Stack overflow recognition

PXROS-HR implements a task stack guard — a memory space that is placed at the bottom of the stack and cannot be used by the task (see Task stack memory organization below). This memory space is set to the highest priority MPU. The MPU is set to no access in both privileged and unprivileged mode, resulting in an exception (trap) on every access to this area, even if any lower priority MPU is set with allowed access for this area (task’s stack).

The task stack guard must be large enough to protect the stack space for one complete exception frame pushed by hardware on interrupt/trap entry (26/8 words for extended/normal exception frame) or the maximum number of registers that are saved to the task (process) stack inside the kernel at once via a store-multiple instruction (16/10 words).

If the FPU is used, the task stack guard takes the last 128 bytes from the task’s stack.

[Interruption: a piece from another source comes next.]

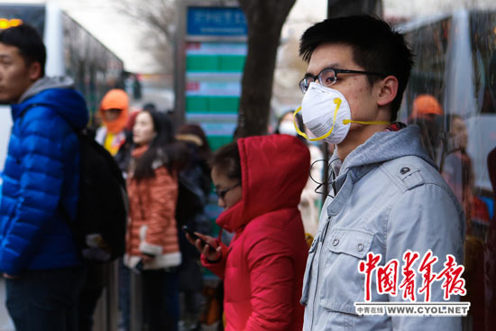 A boy waits for bus at Foreign Trade University bus stop in a smog shrouded day. (Photo/China Youth Daily)
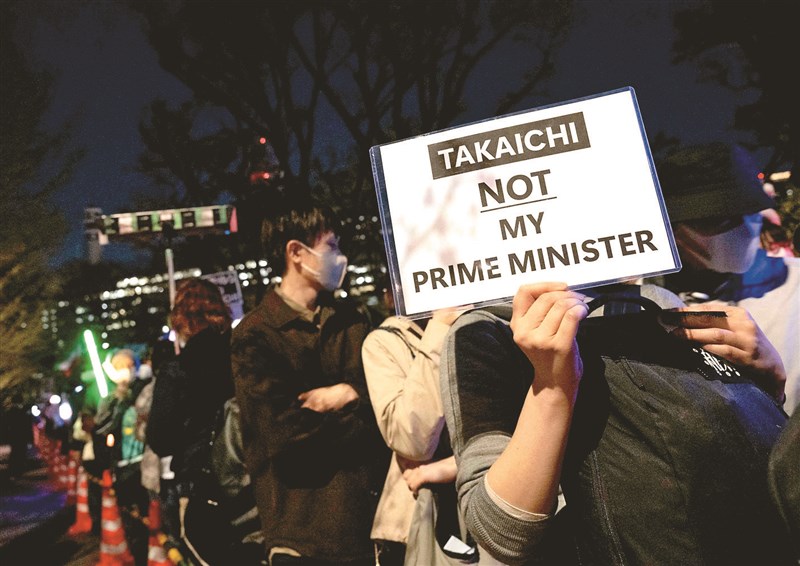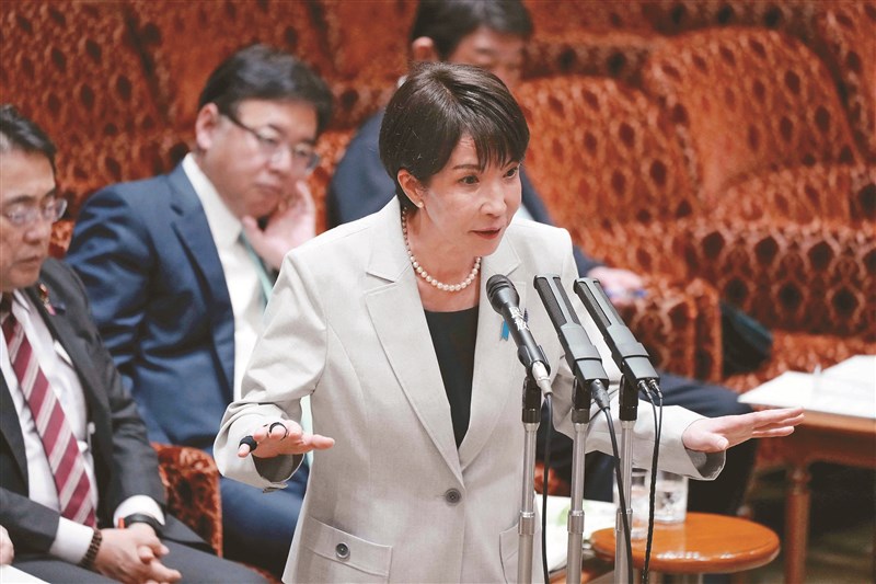日本首相高市早苗積極推動修憲,圖為她日前在東京國會參議院預算委員會會議回答議員的問題。圖/法新社

In case of no FPU, it only takes 64 bytes. The values come from the minimal words that need to be covered and then the size is aligned to 32 bytes to fulfill MPU alignment requirements.

128 bytes = 26 words (104 bytes) aligned to 32 bytes
Code 1. Task stack guard size definintion in "pxdef.h"
/* Task stack guard size in bytes.
 * The task stack guard must be large enough to protect the stack space for one complete
 * exception frame pushed by hardware on interrupt/trap entry (26/8 words for
 * extended/normal exception frame) or the maximum number of registers that are saved to
 * the task (process) stack inside the kernel at once via a store-multiple instruction
 * (16/10 words). */
#if defined(__ARM_PCS_VFP)
    #define PX_TASK_STACK_GUARD_SIZE  PXMEM_ADJUST(26 * sizeof(PxUInt32_t))
#else
    #define PX_TASK_STACK_GUARD_SIZE  PXMEM_ADJUST(10 * sizeof(PxUInt32_t))

The stack grows downwards, meaning it goes from the end address to the start address because, in PXROS-HR, the start address is lower than the end address.